Ключевое слово для любой институции пограничного типа — жертвенность. Симбиотические отношения предполагают обязательные ограничения, а возможность идентификации в этом случае реализуется только при условии соблюдения этих ограничений. Симбиотическая идентичность — это вариант расширенной идентичности, в которой либо субъект является частью другого, либо другой — частью его самого. Подлинная идентификация, как и при психотической структуре, здесь невозможна, но по другим основаниям.

Симбиотические отношения, соответствующие пограничной структуре, возможны не только с одушевленными объектами, но и с неодушевленными (опорными объектами, привычными условиями обитания, элементами среды), а также и с различными институциями. Пример этого — организации, устроенные по семейному принципу, в которых культивируется преданность, неотделенность, жертвенность. «Мы все как одна семья», «Родина-мать», «мы здесь работаем не из-за денег», «общие интересы превыше всего», «наша компания — единая семья».
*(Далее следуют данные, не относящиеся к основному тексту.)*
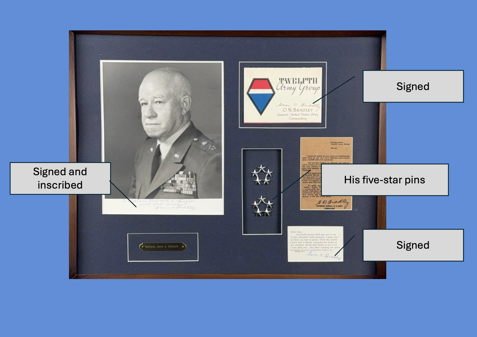 - A signed portrait of General Omar Bradley addressed to Capt. Kenneth E. Lazier. Lazier amassed a large collection of items owned by some of the major military figures in WWII.

Метафора зонда в данном случае реализуется на феноменологическом уровне в виде общей границы, ощущения принадлежности к другому или обладания другим, а на поведенческом — в виде жертвенности или манипуляции.

Формирование, актуализацию и воспроизведение симбиотических отношений можно также соотнести с некоторыми вариантами детско-родительских отношений. В отношениях пограничного типа эксплуатируется тема любви — всеобъемлющей, недоступной, неустойчивой.
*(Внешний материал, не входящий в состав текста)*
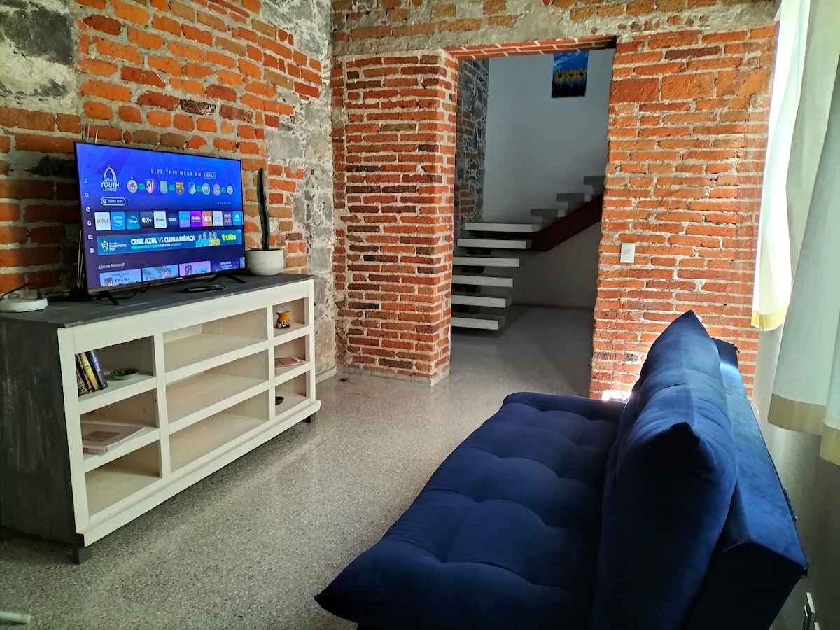 Un departamento bonito, chico en una zona historica de Puebla, de un nivel con entrada totalmente independiente, bien iluminado con amplios ventanales decorada estilo minimalista. Cuenta con sala de estar, comedor y cocina integral totalmente equipada; una recamara con camas matrimoniales y baño completo, con un pequeño jardin. Tiene los servicios de gas estacionario, calentador solar, tv, microondas, cafetera, licuadora, sabanas, lamparas así como productos de limpieza.

Первый вариант симбиоза порождается безоглядной любовью матери, составляющей со своим ребенком неразрывную пару. В каком-то смысле это структурный вариант всеприсутствующей психотической матери, но всеприсутствие распространяется преимущественно на эмоциональную сферу. Недостатками такого рода отношений являются весьма своеобразные личностные особенно­сти: неустойчивая и хрупкая самооценка, требование постоянной опеки, нечеткое выделение собственных потребностей и интересов, инфантильность. Второй вариант — это недоступная, эмоционально отчужденная мать, любви которой невозможно добиться или заслужить и значение которой начинает переоцениваться. Нехватка же любви может привести не только к собственному эмоциональному оскудению субъекта, но и к постоянному и ненасыщаемому стремлению к компенсации. При неустойчивом материнском эмоциональном отношении возникает ситуация «эмоциональных качелей» — сменяющегося приближения и удаления, неуверенности в стабильности привязанности и неуверенности в себе при гипертрофированном и постоянном требовании подтверждения симбиотической привязанности.
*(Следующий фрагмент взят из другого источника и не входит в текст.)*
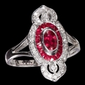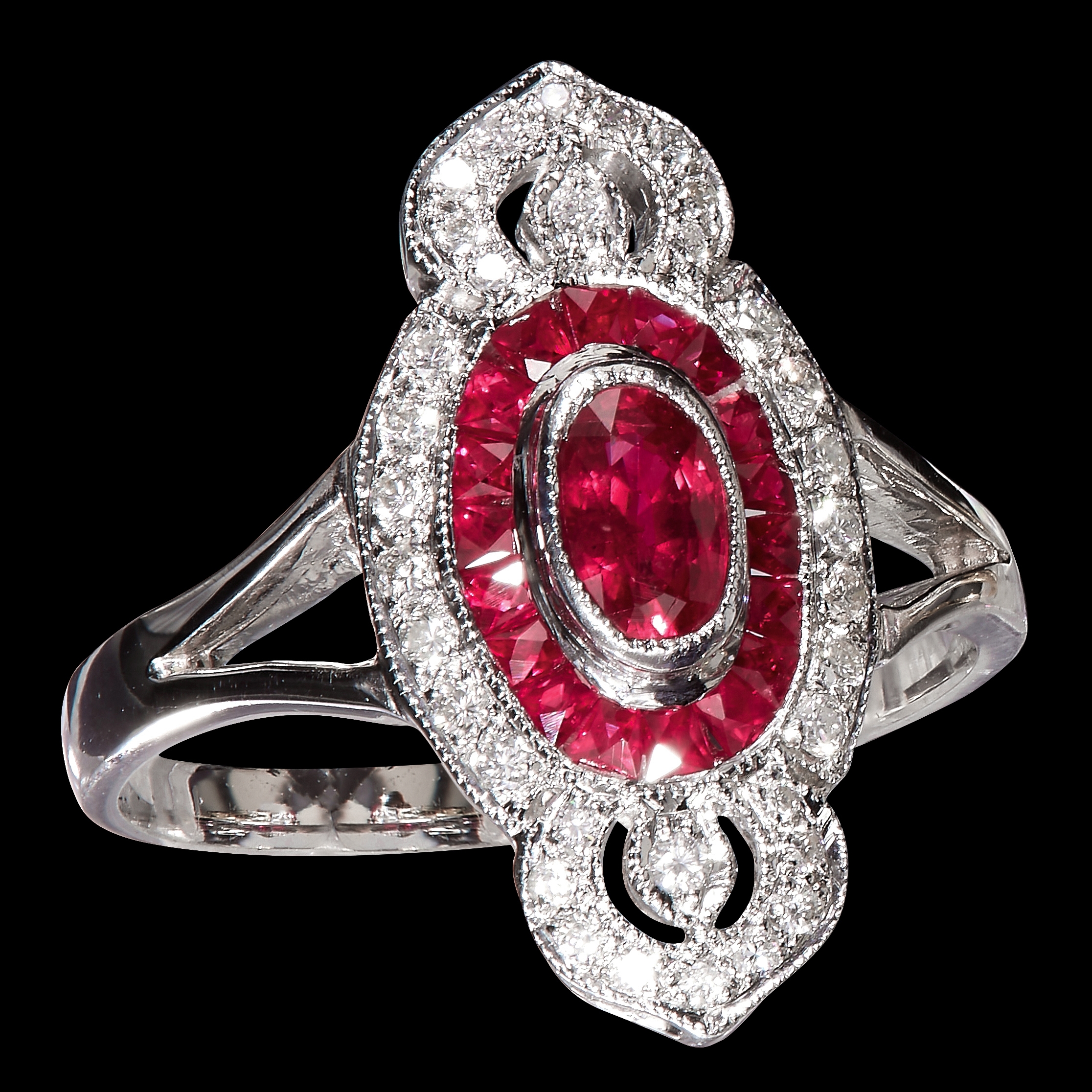 RUBY AND DIAMOND CLUSTER RING. set with vibrant rubies , surrounded by bright lively diamonds. size M 1/2. 3.7 grams.

Во всех случаях пограничный тип отношений порождает эмоциональную неустойчивость, характеризующуюся крайними колебаниями «от ярости к радости», парадоксальным сочетанием жертвенности и скрытой эксплуатации, поиском опорных или манипулятивных объектов. Нормальное развитие затруднено: если высшей ценностью являются детско-родительские отношения, то ребенок никогда не должен взрослеть. Затруднена и полноценная коммуникация, значение размыто, смысл неважен, поскольку под формой различных сообщений пограничная структура воспроизводит постоянную проверку сохранности симбиотических связей. Это скрытое послание должно «вычитываться», факт говорит не о самом себе, а о стоящем за ним эмоциональном отношении, поступки не просто совершаются, а делаются для кого-то. Социальные фобии группируются вокруг базового страха утраты опорного объекта, сепарации с ним.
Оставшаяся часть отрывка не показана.